In practicing the invention, the recovery of manganese from manganese nodules may be accomplished by additional steps in the so-called "cuprion" process set forth in U.S. Pat. No. 3,983,017 to L. J. Szabo entitled RECOVERY OF METAL VALUES FROM MANGANESE DEEP SEA NODULES USING AMMONIACAL CUPROUS LEACH SOLUTIONS issued Sept. 28, 1976. In the "cuprion" process, raw manganese deep sea nodules are reduced with cuprous ions (Cu+) in an aqueous ammoniacal ammonium carbonate solution. The cuprous ions reduce the manganese oxides in the nodules which enables metal values such as copper, nickel, cobalt, and molybdenum to be dissolved while leaving iron and manganese carbonate in the solid residue. In the reduction process, the manganese dioxide in the deep sea nodules is reduced by cuprous ions to manganese carbonate according to the reaction:
MnO2 +2 Cu(NH3)2+ +4 NH3+CO2 +H2 O→MnCO3 +2 Cu (NH3)42+ +2 OH-(1)
Cupric ions indicated in equation (1) are reduced back to the cuprous state with carbon monoxide according to the reaction:
2 Cu (NH3)42+ +CO+2OH- →2 Cu(NH3)2+ +4 NH3+CO2 +H2 O (2)
The net overall reaction for the reduction process is the sum of equations (1) and (2), or equation (3):
MnO2+CO→MnCO3 (3)
The "cuprion" embodiment of the present invention is illustrated by the following example. At the outset, however, it is emphasized that the following description relates to a procedure that can be performed in a pilot plant. By extrapolating the results given for the pilot plant, however, one skilled in this art can design a commercial plant for processing large quantities of nodules in accordance with the present invention. The pilot plant is shown in FIG. 1.

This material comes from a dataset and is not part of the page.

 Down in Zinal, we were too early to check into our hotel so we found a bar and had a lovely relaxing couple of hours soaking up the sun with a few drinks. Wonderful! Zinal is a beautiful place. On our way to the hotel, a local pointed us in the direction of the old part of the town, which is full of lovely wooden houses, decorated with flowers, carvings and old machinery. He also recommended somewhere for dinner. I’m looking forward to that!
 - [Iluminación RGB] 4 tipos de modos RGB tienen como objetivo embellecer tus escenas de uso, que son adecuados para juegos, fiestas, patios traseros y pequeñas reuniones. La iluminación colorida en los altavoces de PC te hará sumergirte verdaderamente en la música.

The pilot plant was designed for one half ton per day nodule throughput, based on a 31/2 percent solid slurry and with up to a three hour hold-up in the reduction section. The nodules utilized in the pilot plant process are in the condition that they are in after being mined from the deep sea ocean bottom. The nodules are first crushed in the primary crushing circuit to reduce their size to minus one inch. They are then passed into the second grinding circuit which includes an open circuit rod mill 100. The rod mill reduces the nodules from a particle size of minus six mesh to a particle size of approximately minus sixty mesh (U.S. Sieve Series).

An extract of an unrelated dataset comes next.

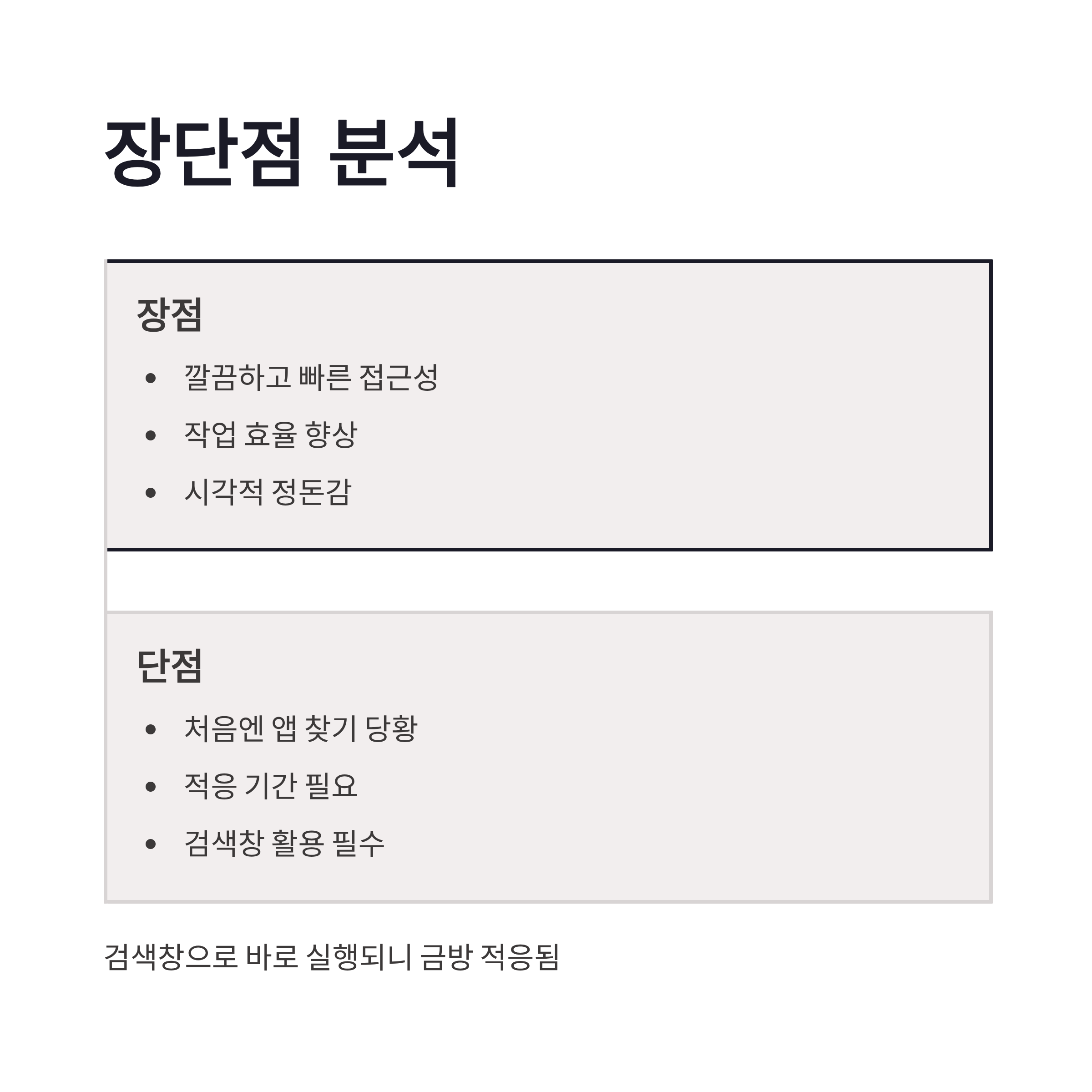 | 타일 고정 | 자주 쓰는 앱 바로 실행 | 작업 속도 ↑ |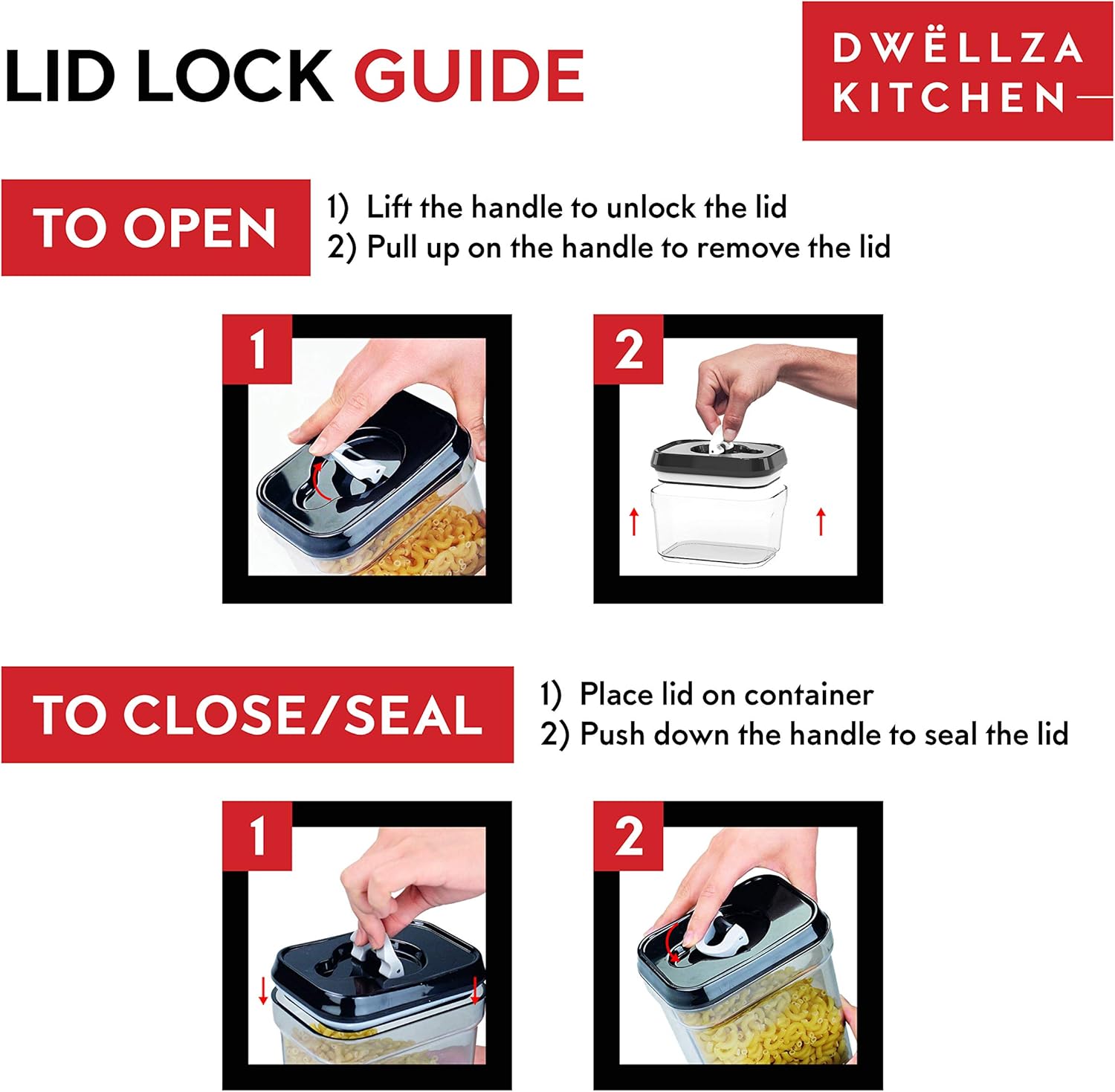 - Enjoy Your Meal With Fresh Food: Keep your foods fresh with our very easy to use airtight lid-lock mechanism. No dealing with flimsy pumps. Our food storage containers create an airtight seal by simply pushing down the ring on the lid. Lift the ring and push up whenever you want to open the containers.

The reduction-leach portion of the pilot plant is the location where the nodules are chemically reacted to make the soluble metals soluble in a strong ammoniacal ammonium carbonate solution. This is accomplished by reducing and converting the MnO2 in the nodules to MnCO3. The reduction circuit includes six reactors 103-108 connected in series. These reactors are sixty gallon capacity reactors which are used to a 42 gallon capacity in the actual processing. Gas sparging is directed underneath the agitator from the bottom of the reactor with a reduction gas containing 95 percent carbon monoxide. The reactors themselves are outfitted with gravity overflows so that there is a cascading system from the first (103) through the sixth (108) reactor. Normally, each of the first four reactors (103-106) is fed an equal amount of feed stock.
While the nodules are fed to the first four reactors, carbon monoxide is sparged into the bottom of each reactor as required. Preferably, the carbon monoxide is sparged into each reactor under pressure. The slurry in the fifth and sixth reactors is approximately 3.5 percent solids and the average residence time in the system is twenty minutes per reactor. The slurry overflowing the last reactor is flocculated to enhance settling before entering a clarifier. The clarifier is used to separate the liquid from the solids.

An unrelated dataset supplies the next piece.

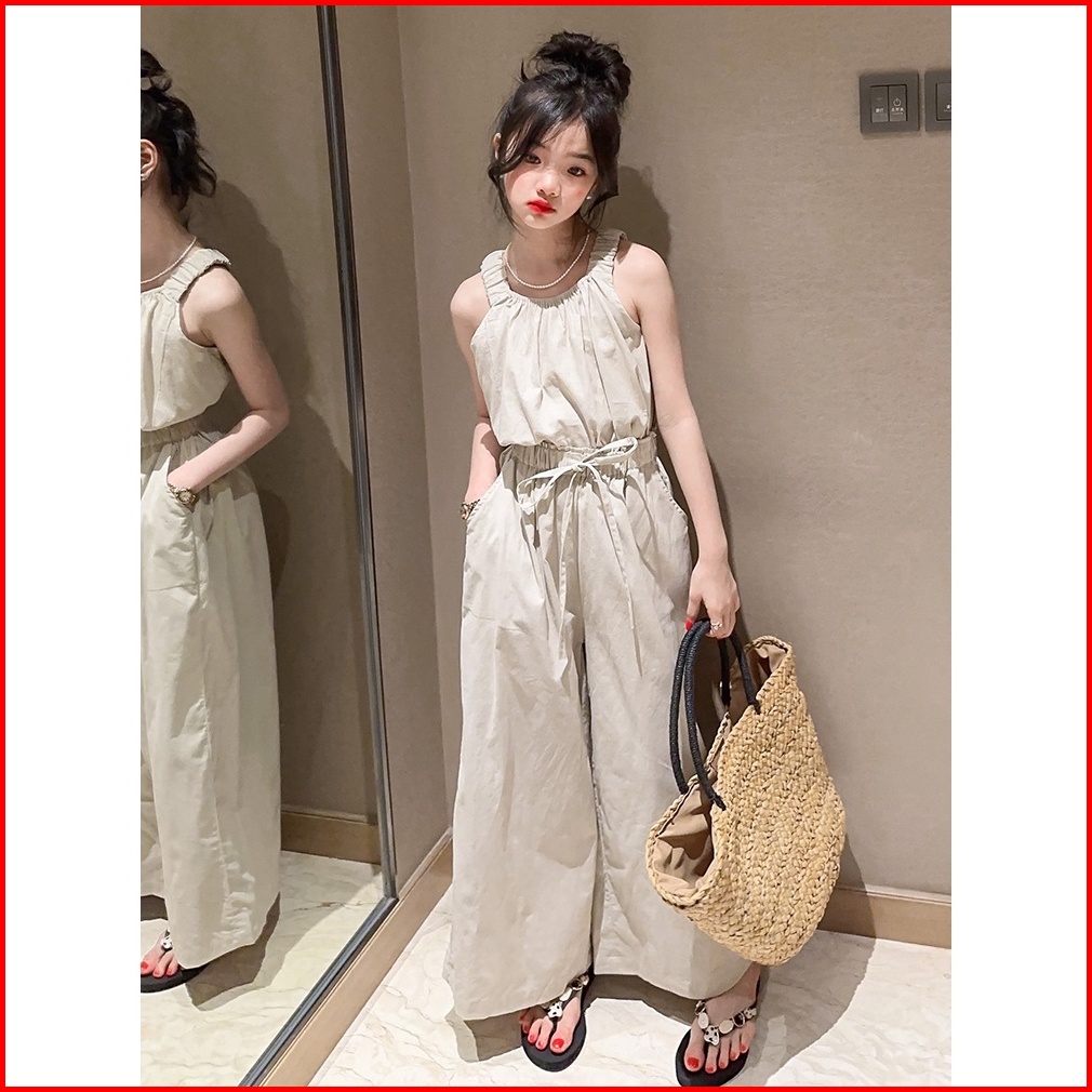 Kidsfo-92 Setelan Set Anak Tanggung Perempuan Sleeveless Top Pant Wide Leg

In order to reach a continuous steady state, the reactor vessels 103-108 must be loaded with start-up materials. Thus, each of the six reactors are filled with an ammonia-ammonium carbonate solution containing approximately 100 grams per liter total ammonia and between about 15 and 20 grams per liter total carbon dioxide. After the reactors are filled with the ammonia-ammonium carbonate solution, copper metal is added and is partially oxidized. The metal is added as a copper powder and is oxidized to convert some of the copper to cuprous ions. Enough copper metal is added so that 10 grams per liter copper in solutions results. The mixture in each reactor is analyzed to make sure that the cuprous ion concentration is at an acceptable level of about 7 grams per liter. If more cuprous ions are needed, this can be accomplished by passing the reducing gas through the bottom of the reactor.
After the reactor vessels have been loaded for start-up as set forth above, the manganese nodules are added to the first four reactors. The total rate of feed to the four reactors is about 30 pounds per hour of nodules. As the nodules are being fed into the reactors, carbon monoxide is sparged through the bottom of the reactors under a pressure of about 1-2 atmospheres at a total rate of about 70 standard cubic feet per hour.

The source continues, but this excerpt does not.